=== Begin Enclosure ===
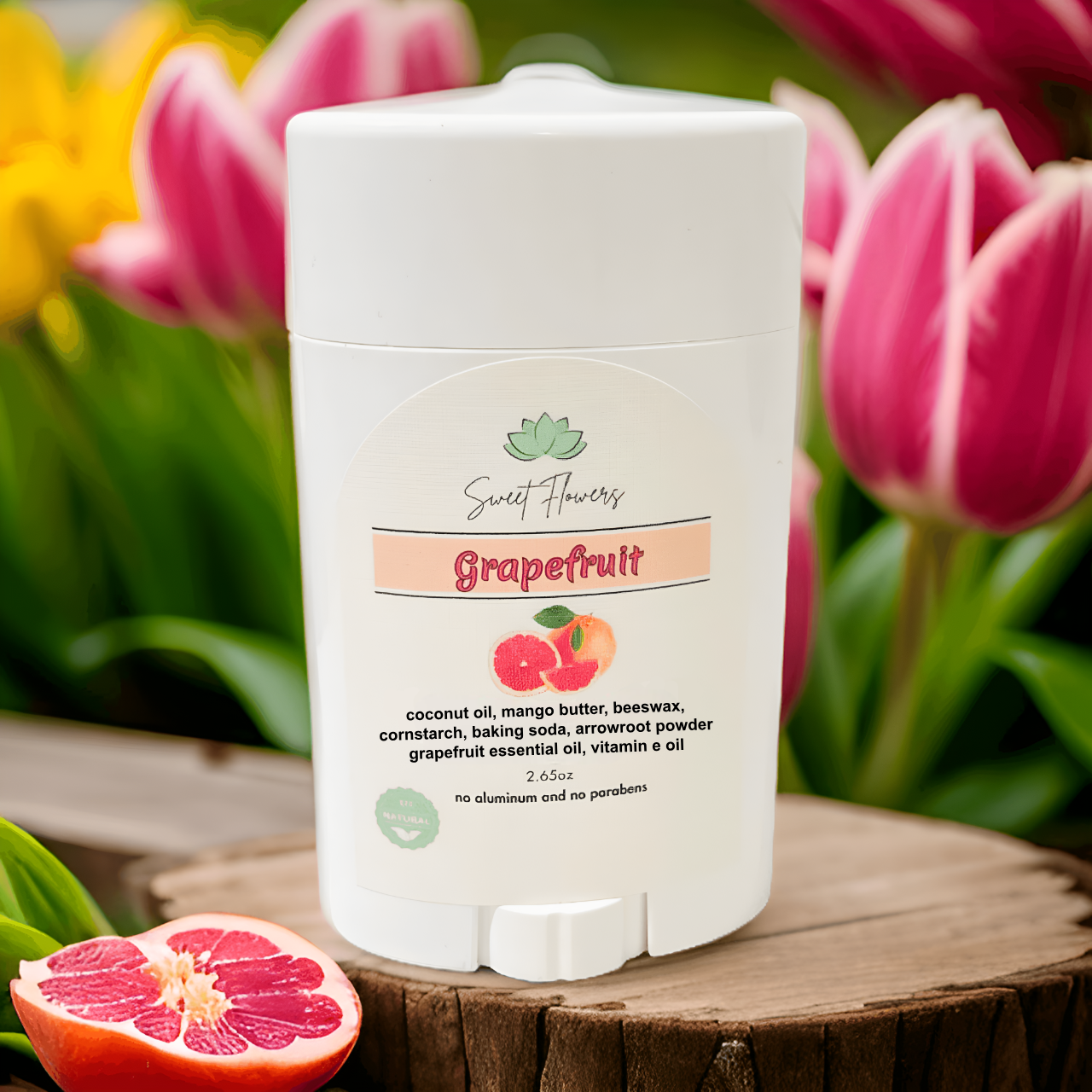Fresh, Bright, and Energizing! Our Grapefruit Natural Deodorant is designed to awaken your senses and keep you feeling fresh all day long. With the refreshing citrus scent of grapefruit, this deodorant is crafted to provide powerful odor protection while nourishing and soothing your skin.
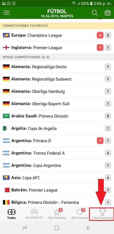 - Et la deuxième option que nous avons est d’aller directement à la compétition dont vous voulez voir le calendrier, vous pouvez le faire via le menu «Classifications».
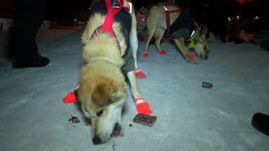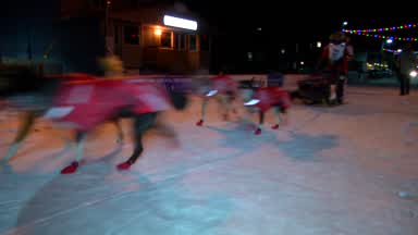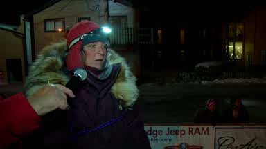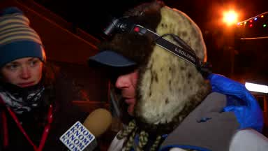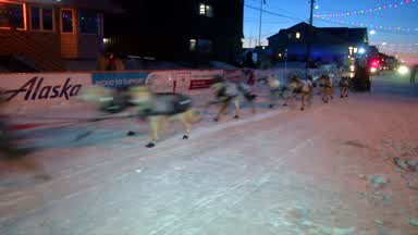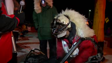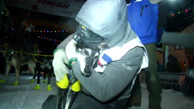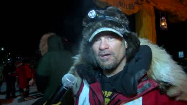 A relieved and thankful Brent Sass passed under the Burled Arch with 9 dogs on his line Tuesday evening.
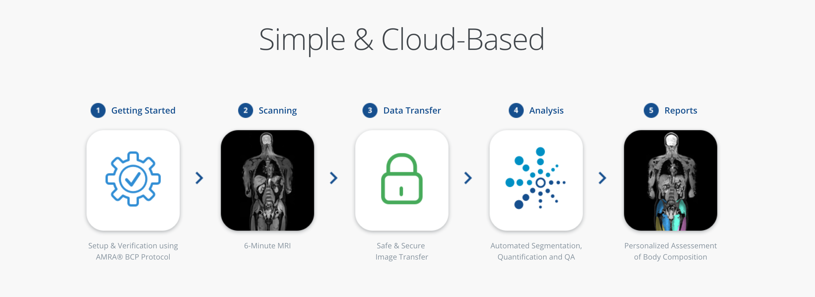 單次6分鐘MRI掃描,多次測量的自動分析,與其他成像協(xié)議和技術(shù)很好地集成。 AMRA Profiler確實需要兼容的MRI掃描儀,并且該公司與供應(yīng)商合作以確保安裝產(chǎn)品,以便接收每個獲得適當(dāng)掃描的患者的身體成分分析報告所需的交互非常少。
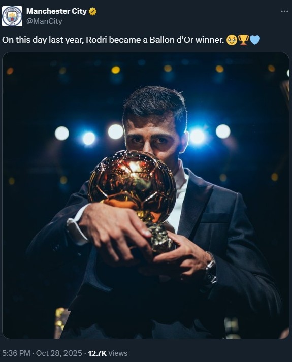 曼城晒出罗德里亲吻金球奖的像片,并写谈:“旧年本日,罗德里成为金球奖得主。”
=== End Enclosure ===
Write the lines out again exactly, beginning at the one containing "- Et la deuxième" and ending with the last line of the entries, but without any pictures.

 - Et la deuxième option que nous avons est d’aller directement à la compétition dont vous voulez voir le calendrier, vous pouvez le faire via le menu «Classifications».
 A relieved and thankful Brent Sass passed under the Burled Arch with 9 dogs on his line Tuesday evening.
 單次6分鐘MRI掃描,多次測量的自動分析,與其他成像協(xié)議和技術(shù)很好地集成。 AMRA Profiler確實需要兼容的MRI掃描儀,并且該公司與供應(yīng)商合作以確保安裝產(chǎn)品,以便接收每個獲得適當(dāng)掃描的患者的身體成分分析報告所需的交互非常少。
 曼城晒出罗德里亲吻金球奖的像片,并写谈:“旧年本日,罗德里成为金球奖得主。”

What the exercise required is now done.